By Alex Mumblat
April 16, 2020
Moments of adversity offer business owners an opportunity to step back and evaluate their operations and strategies.
It isn’t easy to find time for reflection when business continuity is the top priority, but owners who actively assess the changing economic environment, as well as their overall life objectives, often emerge from downturns more effective and focused on future growth.
The same goes for leaders of employee stock ownership plan (ESOP) companies. Turbulent times should evoke a series of questions focused on the sustainability and performance of an employee trust.
With these in mind, an ESOP re-evaluation and potential tune-up should focus on three key areas.
Declining earnings are common during an economic downturn. This can reduce the benefit of ESOP-related tax savings, as the magnitude of those benefits is income driven. Companies may consider scaling down their ESOP contributions or deferring ESOP dividend payments during a downturn.
Conversely, certain businesses do well during the recessionary times. Such companies may want to consider additional liquidity transactions such as secondary ESOP sales (for minority ESOPs) or warrant redemptions (for the warrant holders). Financial crises magnify the importance of an owner's personal liquidity and asset diversification. Secondary ESOP sales can also further contribute to corporate tax efficiencies.

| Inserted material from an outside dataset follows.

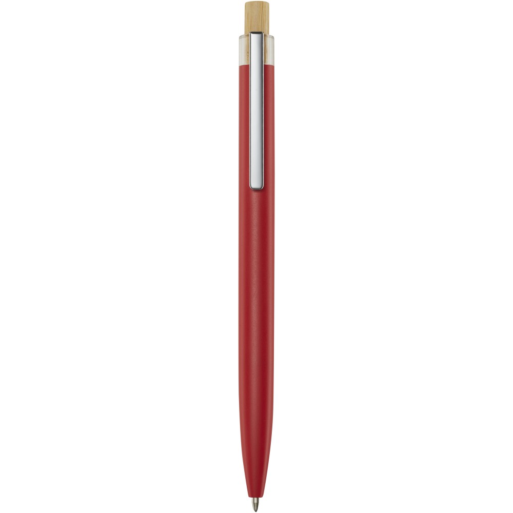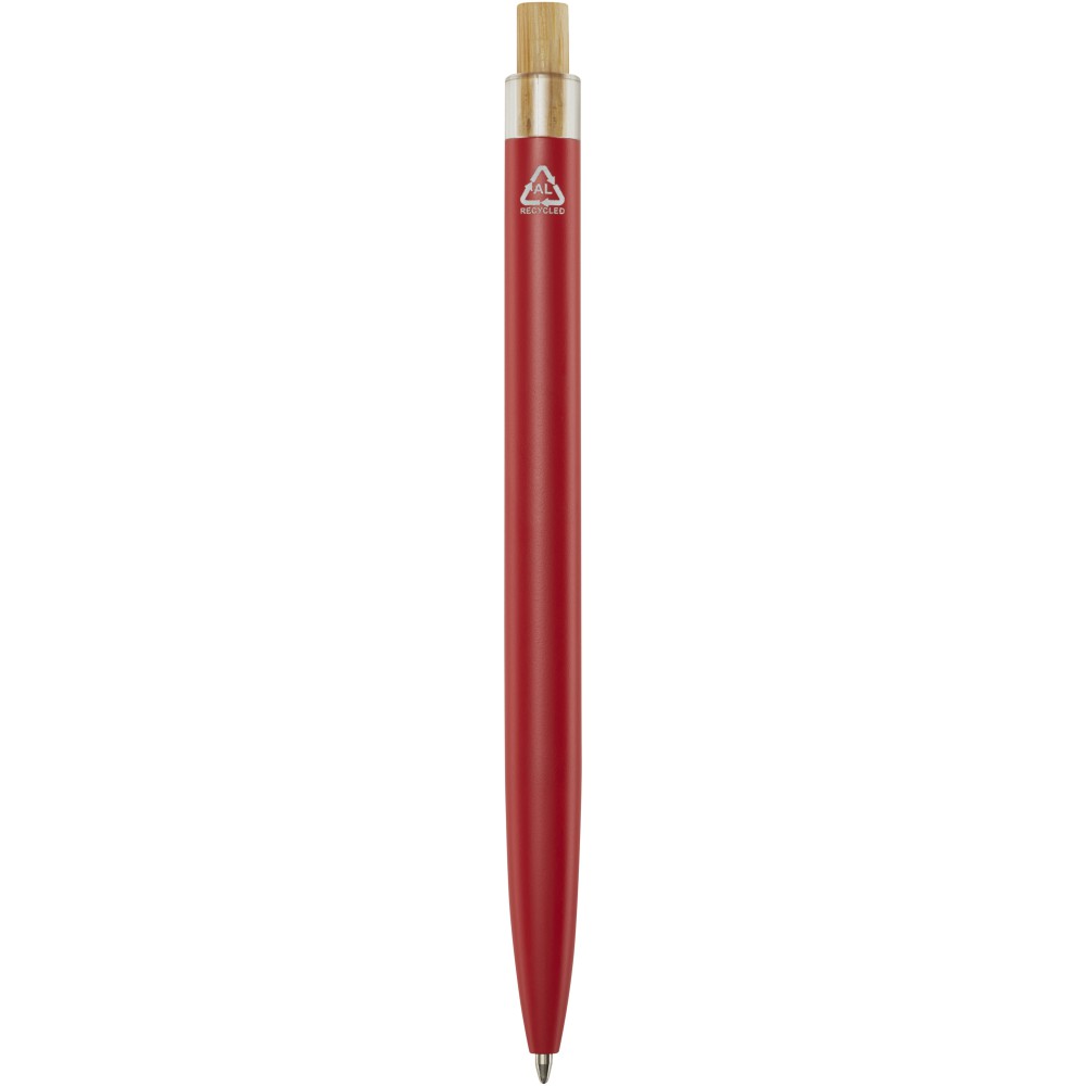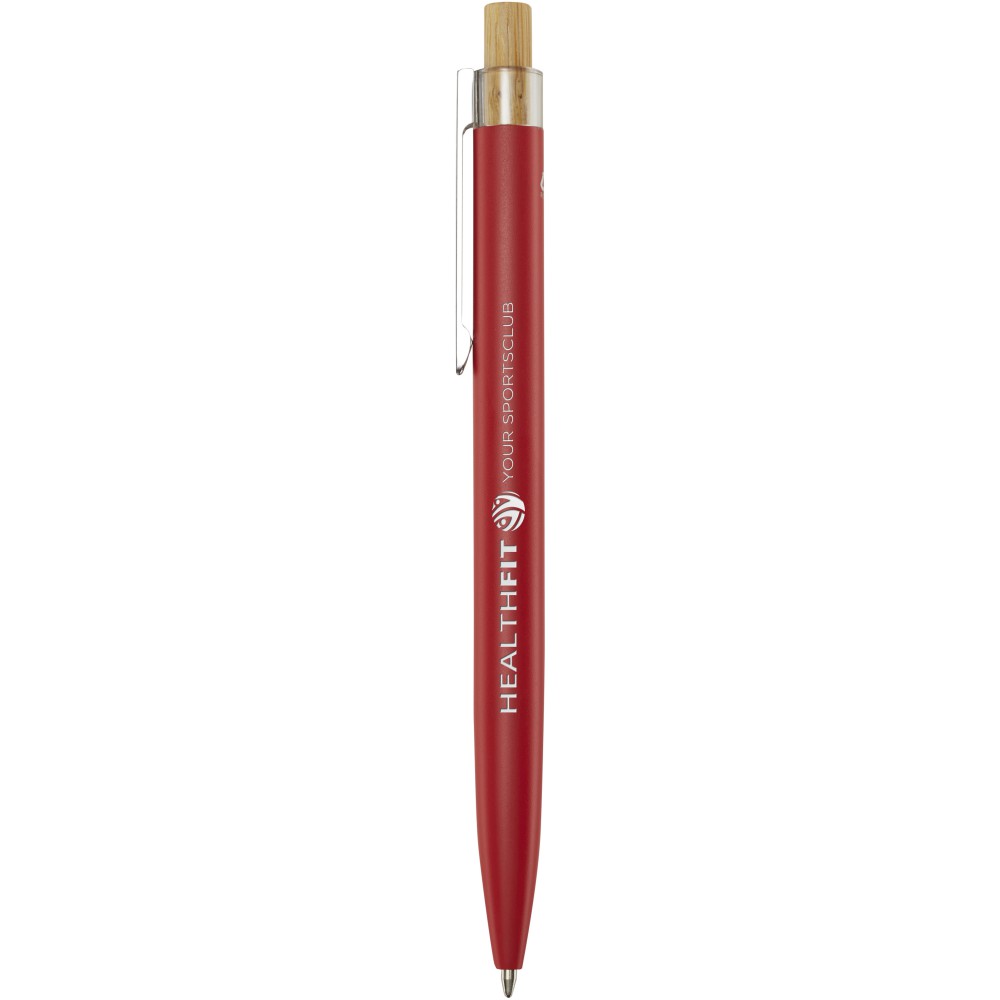 A Nooshin golyóstoll újrahasznosított alumíniumból készül, ami kevesebb energiát igényel, mint az alumínium nyersanyagból történő előállítása. Emellett csökkenti a hulladéklerakókba kerülő hulladék mennyiségét és hozzájárul a természeti erőforrások megőrzéséhez, amelynek célja az üvegházhatású gázok kibocsátásának csökkentése. A nyomógomb bambuszból készült. Tollbetét színe: kék. Íráshossz: 800 méter. Tollhegy mérete: 1,00 mm. Emblémázás: Gravírozás

Companies facing cash flow challenges should reassess their ability to meet bank covenants and service debt. Restructuring may offer ESOP companies an opportunity to extend their loan amortization periods and capitalize on prevailing low interest rates. Banks often anticipate these requests and are open to restructuring discussions in order to help avoid borrower defaults and enhance their client relationships.
On the other hand, banks are eager to extend new loans to counter-cyclical businesses. Recession-resistant ESOP companies with outstanding seller debt might consider increasing their bank loans to replace seller financing.
In the years following an ESOP implementation, companies often undergo substantial workforce changes. Turnover across employee populations may require realignment of benefits and incentives. For example, additional benefit plans could be adopted for certain members of the management team, subject to approval by the ESOP trustee.
A crisis can accelerate staffing changes, due to sudden layoffs. This may trigger repurchases of vested ESOP stock accounts. While the per-share value of the company’s stock would typically decline alongside a deterioration in performance, management must evaluate the potential impact of these obligations and budget in advance for such repurchases.
ESOP companies may also engage in more extensive activities to address plan under-performance, new business realities, or changing shareholder needs. These include plan terminations, employee share redemptions, or plan expansions towards the goal of 100% employee ownership (with options for selling shareholders to hold warrants and participate in future upside).
The best laid business plans are rarely set in stone. An ESOP is no exception. Employee benefit programs, in general, demand constant re-evaluation to keep up with internal (company) and external (market) trends. Doing so can mean the difference between a high performing ESOP that benefits all stakeholders and a potential operating risk.